Literature DB >> 28428017

Outcomes and toxicity following high-dose radiation therapy in 15 fractions for non-small cell lung cancer.

Penny Fang1, Cameron W Swanick1, Todd A Pezzi2, Zhongxing Liao1, James Welsh1, Steven H Lin3, Daniel R Gomez1.   

Abstract

PURPOSE: Accelerated hypofractionated radiation therapy (AHRT) is increasingly used for select lung cancer patients. We evaluated clinical outcomes and predictors of pulmonary/esophageal toxicity in patients treated with ≥52.5 Gy in 15 fractions. METHODS AND MATERIALS: We evaluated 229 patients treated with radiation therapy doses ≥52.5 Gy in 15 fractions for non-small cell lung cancer from January 2009 through January 2016. Toxicity was scored using Common Terminology Criteria for Adverse Events, v4.0. Univariate and multivariate logistic regression was used to identify predictors of toxicity.

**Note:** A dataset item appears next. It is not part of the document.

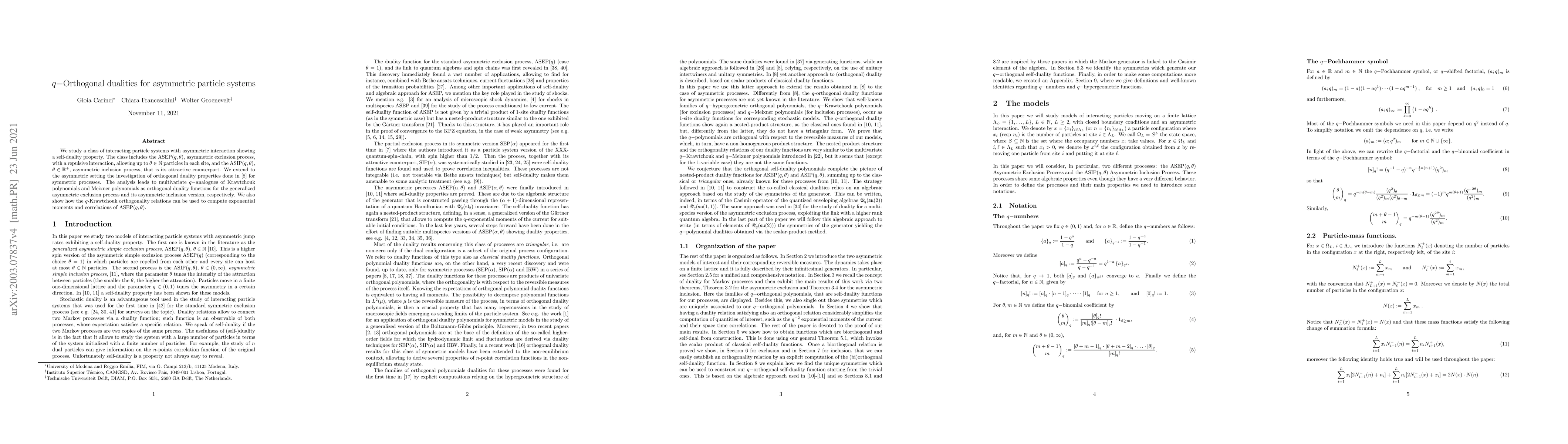 Researchers discovered orthogonal duality functions for asymmetric particle systems, leading to multivariate q-analogues of Krawtchouk and Meixner polynomials, which can be used to compute exponential moments and correlations of ASEP(q,\theta).

Overall survival, progression-free survival, and local control were estimated using the Kaplan-Meier method. Predictors of clinical outcome were modeled using Cox proportional hazards regression.
RESULTS: Median follow-up was 7 months. Forty-two patients (19%) developed grade ≥2 pneumonitis, and 9 (4%) developed grade ≥3 esophagitis. In multivariate analysis, age >75 years (odds ratio [OR], 2.56; 95% confidence interval [CI], 1.24-5.25; P = .01) and percentage of lung volume receiving doses of >10 Gy higher than 32% were associated with grade ≥2 pneumonitis (OR, 2.79; 95% CI, 1.39-5.79; P = .005). On univariate analysis, esophagus mean dose ≥17 Gy (OR, 10.14; 95% CI, 1.82-189.8; P = .006), gross tumor volume size ≥71 cm3 (P = .002), and planning target volume size ≥409 cm3 (P = .02) were associated with development of grade ≥3 esophagitis. In patients with stage II/III disease (n = 73), median local control was not reached, median overall survival was 14 months, and median progression-free survival was 6 months.
CONCLUSIONS: AHRT in 15 fractions can be safe and effective. Consideration for using AHRT with immunotherapy and sequential chemotherapy for improved out-of-radiation field and distant control is warranted.
Copyright © 2017 American Society for Radiation Oncology. Published by Elsevier Inc. All rights reserved.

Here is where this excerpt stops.